[feat] Add finetune code for Yi-VL model #368

minlik · 2024-01-30T09:49:19Z

The code is mostly modified from LLaVA

Prerequistes -> Prerequisites

* [doc][feat] modified readme_CN. * [doc][feat] modified readme_CN. --------- Co-authored-by: YShow <66633207+Yimi81@users.noreply.github.com>

Yimi81 · 2024-02-01T06:57:56Z

@minlik Thank you for your PR, I will test it

* [doc][feat] modified readme. * [doc][feat] modified readme. * [doc][feat] modified readme. * [doc][feat] modified readme. * [doc][feat] modified readme. * [doc][feat] modified readme.

Yimi81 · 2024-02-01T14:18:21Z

Can you provide your environment? Both the official configuration of llava and the requirements. txt you provided reported errors. It would be great if you could provide a step in readme to reproduce your environment
The various errors I encountered:

- Import error
    from llava.train.llama_flash_attn_monkey_patch import replace_llama_attn_with_flash_attn
- ModuleNotFoundError: No module named 'llava'
- ImportError: cannot import name 'ShardedDDPOption' from 'transformers.trainer'
- ImportError: libcudart.so.12: cannot open shared object file: No such file or directory

minlik · 2024-02-01T15:19:57Z

Can you provide your environment?
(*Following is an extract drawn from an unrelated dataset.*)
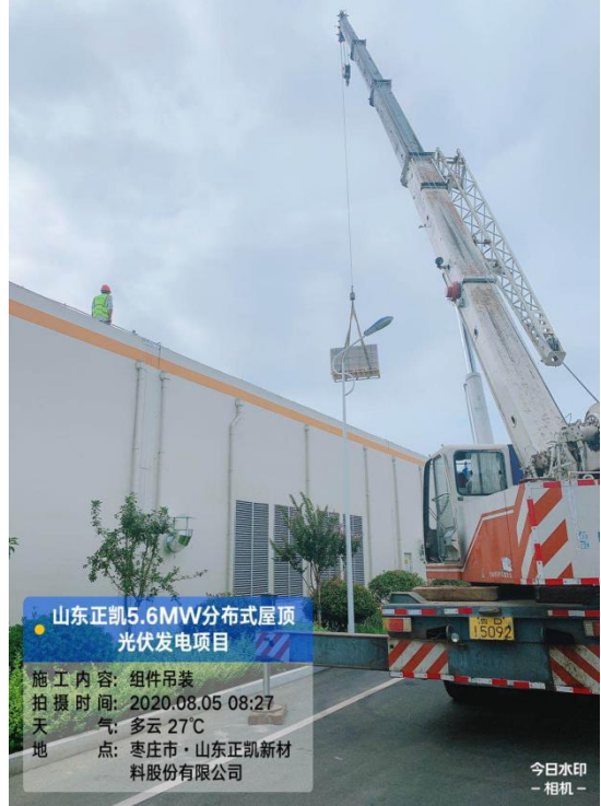
● 山东正凯5.6MW分布式屋顶 光伏发电项目 施工内容: 组件吊装 拍摄时间: 2020.08.05 08:27 天气: 多云 27℃ 地点: 枣庄市·山东正凯新材 料股份有限公司

Both the official configuration of llava and the requirements. txt you provided reported errors. It would be great if you could provide a step in readme to reproduce your environment The various errors I encountered:
- Import error
    from llava.train.llama_flash_attn_monkey_patch import replace_llama_attn_with_flash_attn
- ModuleNotFoundError: No module named 'llava'
- ImportError: cannot import name 'ShardedDDPOption' from 'transformers.trainer'
- ImportError: libcudart.so.12: cannot open shared object file: No such file or directory

I have updated the requirements in the latest commit here. I suggest you reinstall the requirements.txt under VL folder, and these errors should be resolved.

- Import error
    from llava.train.llama_flash_attn_monkey_patch import replace_llama_attn_with_flash_attn
- ModuleNotFoundError: No module named 'llava'

I have added PYTHONPATH=../../:$PYTHONPATH in the training scripts to ensure python environment

- ImportError: cannot import name 'ShardedDDPOption' from 'transformers.trainer'

I use transformers==4.34.0 because transformers removed ShardedDDPOption since 4.35. I will fix it later, but for now, 4.34.0 is okay

- ImportError: libcudart.so.12: cannot open shared object file: No such file or directory

I think the error is related to the torch version and cuda version. You may need to reinstall some packages following here.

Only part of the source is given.